アイスランドの大自然が生み出す圧巻のゲイシール

アイスランドの大自然が生み出す圧巻の光景、ゲイシールをご存知でしょうか。ゲイシールとは、地下の熱水が高温・高圧になり、一定のサイクルで間欠泉のように吹き上がる現象です。写真のように、勢いよく吹き上がる熱水と水蒸気の柱は、まるで大地が息をしているかのようです。

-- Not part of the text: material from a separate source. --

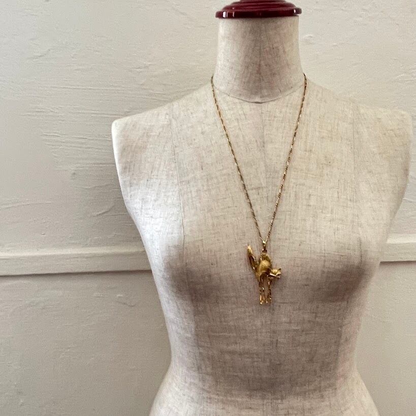 動きのある猫のデザインが素敵なメタルのネックレスです。

ゲイシールが見られるのは、世界でもアイスランドなど限られた地域だけ。火山活動が活発な土地柄ならではの貴重な自然現象と言えるでしょう。太古から変わらない姿で迫力満点の景色を作り出すゲイシールは、一度は生で見てみたい大自然のスペクタクルです。





ゲイシールが生まれる仕組みとは

ゲイシールが生まれるには、いくつかの条件が必要です。まず地下深くにマグマだまりがあること。マグマの熱によって地下水が熱せられ、周囲の岩石の隙間に溜まっていきます。さらに上から冷たい地下水が供給され続けることで、高温の熱水と冷水の層ができるのです。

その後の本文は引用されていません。